Hello, This is easy.
What do they mean with 'do not take the ends of the molecules into account'?
If I understand it right, the end of the molecule in this case would be the C Terminal group (-COOH) that exists at the end of the last amino acid in the C-Terminal.
What is the biological explanation and how do I implement this in phyton?
I don't know the biological explanation for why they want to ignore the end of this group. but you can implement it easily in BioPython.
Load the Fasta file in BioPython. something like
from Bio import SeqIO
for record in SeqIO.parse("example.fasta", "fasta"):
printrecord.id)
That line of code will print the identifier of the sequence.
To calculate the molecular weight of this polymer, you have two options. The first option would be to write your own logic to do that and the second option would be to use one of the modules given by BioPython to directly calculate this. I prefer if you can do both options and compare their results. just for you to learn. Ok. I will explain the manual part first and then i will show you a direct code in BioPython to do that directly.

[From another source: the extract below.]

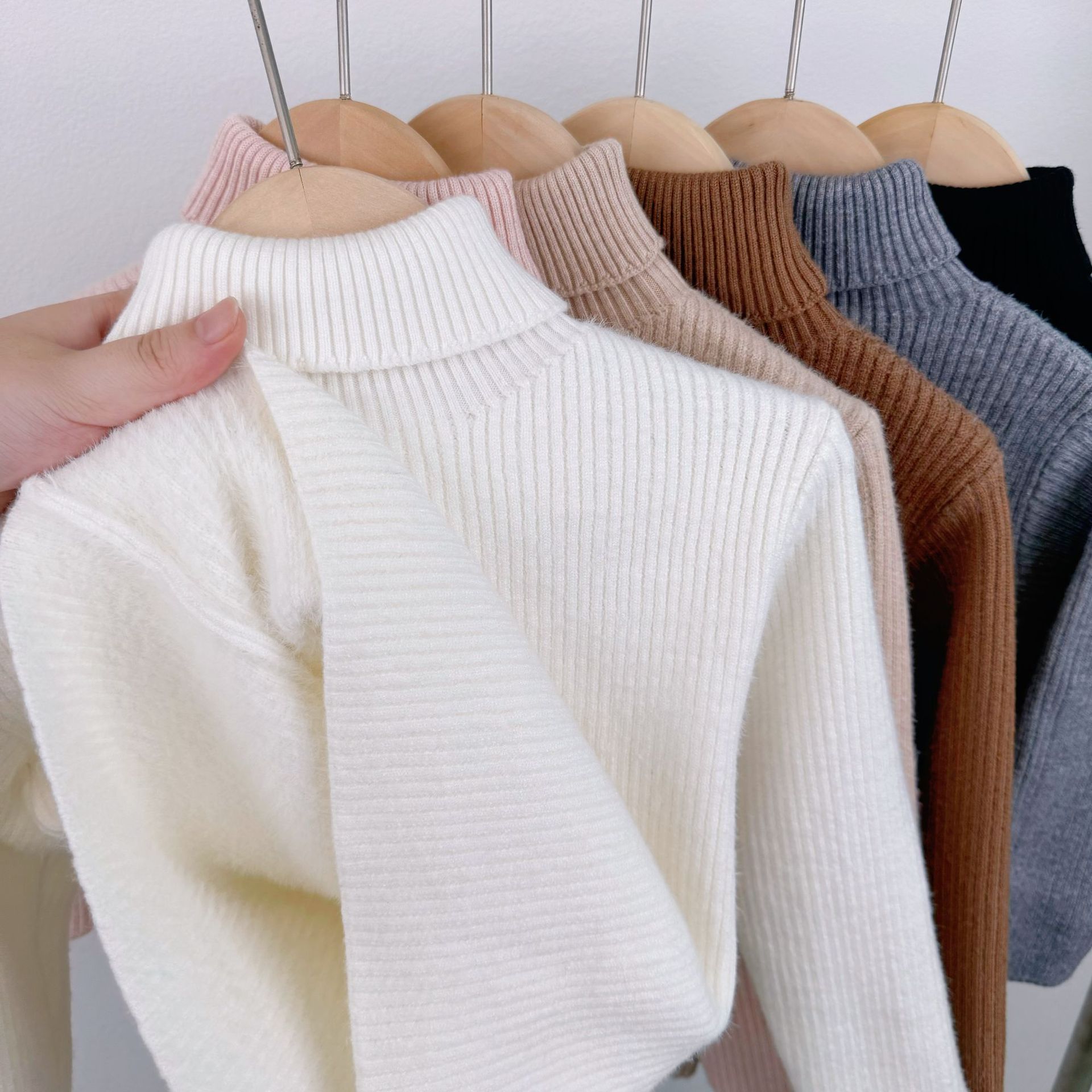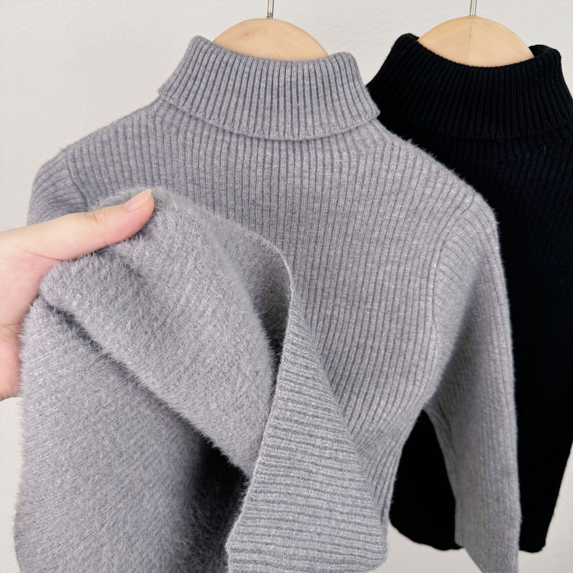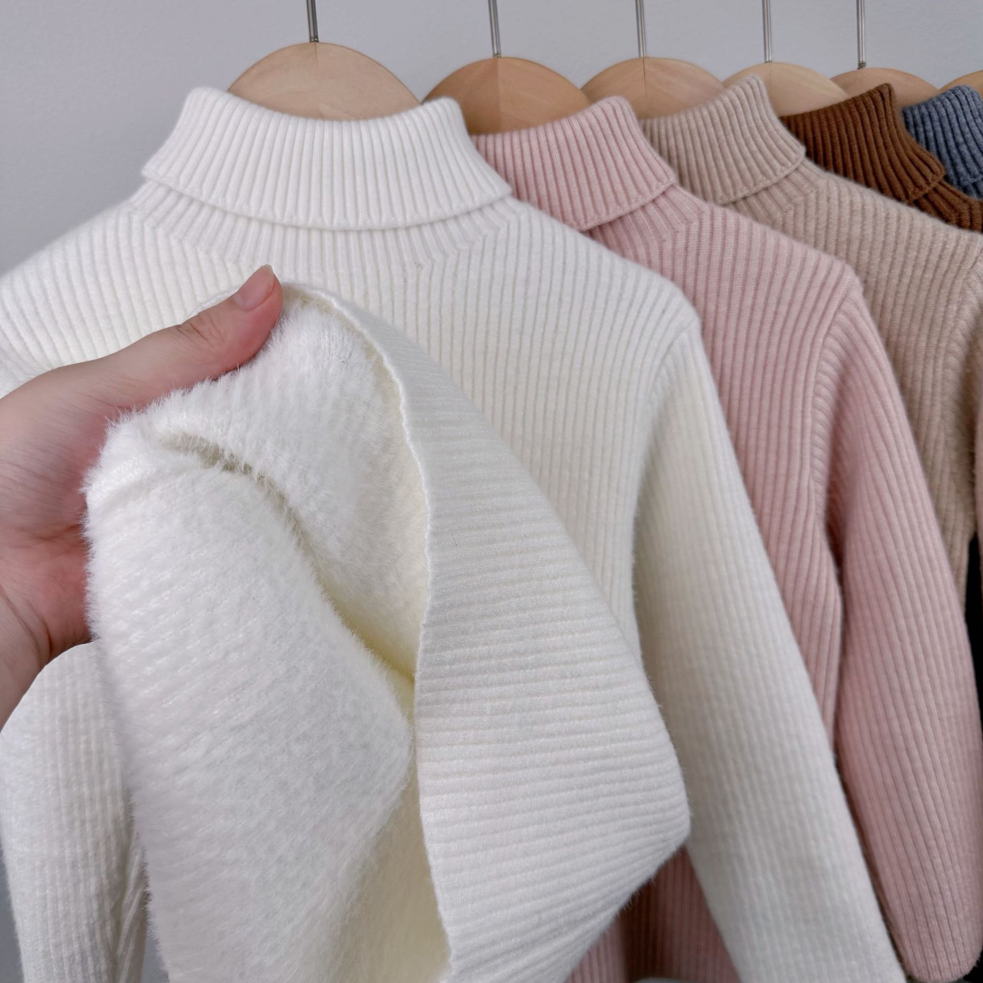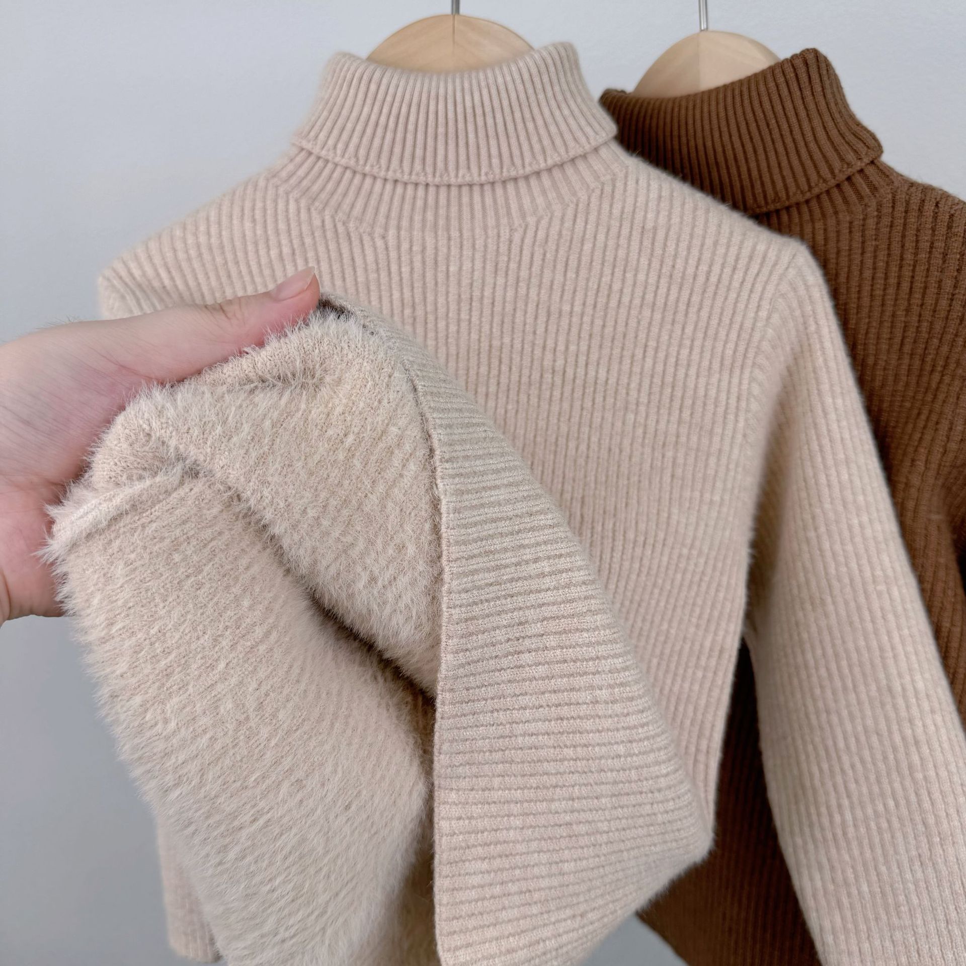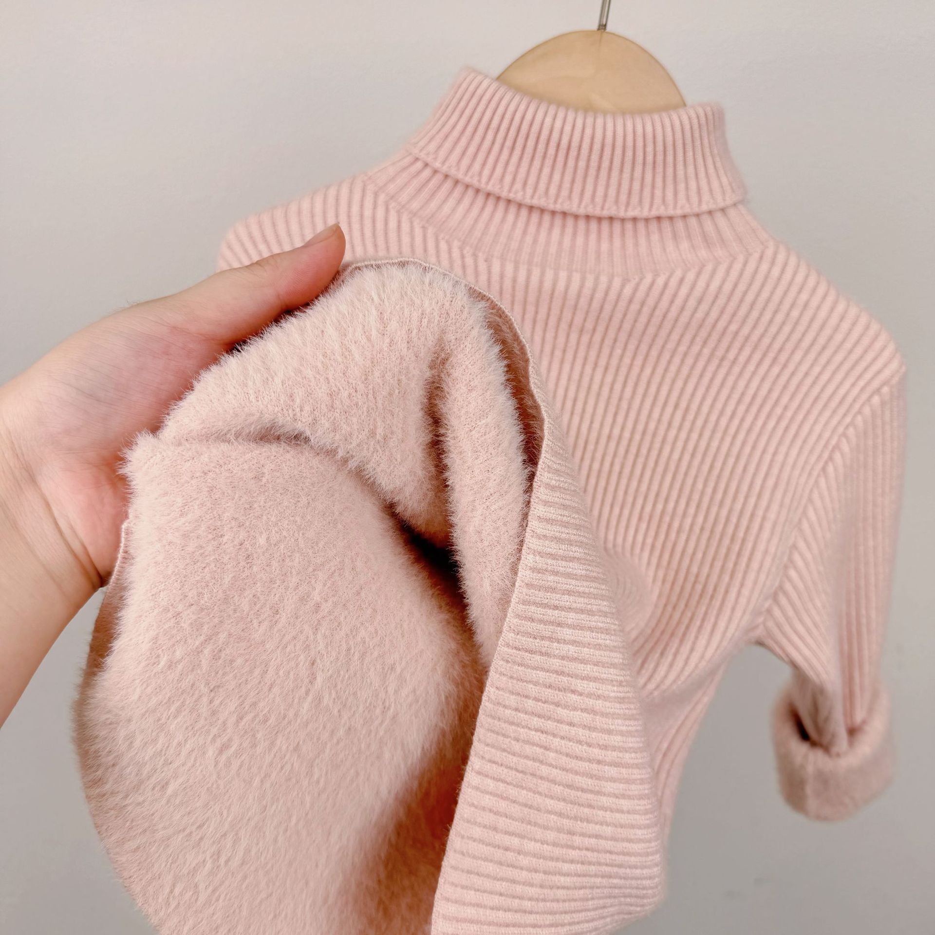 한국 어린이 가을, 겨울 소년과 소녀를위한 올인원 벨벳 따뜻한 스웨터 가을, 겨울 아기 소녀를위한 한국식 터틀넥 셔츠스토어 가기

Manual Molecular Weight Calculation
Manual Calculation of Molecular Weight. Now a protein is a polymer of 21 Amino Acids (Eukaryotes) and 22 in some prokaryotes.
You can create a python dictionary with Key represents the amino acids single letter and the value would be the amino acid molecular weight, you can grab these values online.
Create two variables, first variable is the molecular weight of Water (H2O) and the other is the molecular weight of (-COOH).
Now iterate over the sequence one letter at a time and sum the total molecular weight in a variable called "Total" for instance.
for AA in myseq.Seq:
Total += MWs[AA]
Now the tricky part, when two amino acids form a covalent bond, there is one molecule of water removed for the peptide bond to form, ok , so basically, the number of condensation reactions or the number of water molecules produced would equal to (N-1) where N is the number of amino acids in the given protein sequence. OK!!! make sense right.
Now the total molecular weight would be Total = Total - ((N-1) * MW_WATER).
If the end of molecule is right, you would subtract as well the molecular weight of COOH from this total.
Total = Total - ((N-1) * MW_WATER) - MW_COOH
BioPython way of calculating Molecular Weight
Please check the first example on this page,
https://biopython.org/docs/1.75/api/Bio.SeqUtils.ProtParam.html
Now compare both Molecular Weights, they should be equal or very close together.
Technically, We should take into account the protonation states of acidic and basic amino acids into account, since, these AAs do exist in physiological PH or near Physiological PH intracellularly. but it is ok. the Molecular Weight produced would be somewhat very close to the actual weight.
I hope this helps.
Are the sequences mRNAs (to be translated into proteins) or actual protein sequences which will still undergo post translational modifications like e.g. the possible removal of the initiator methionine?
This is the protein sequence we are working with. It starts with a K which stands for Lysine
Yes thank you!! I managed to calculate the molecular weight but how do I subtract these molecular ends as stated in the assignment? Thank you in advance!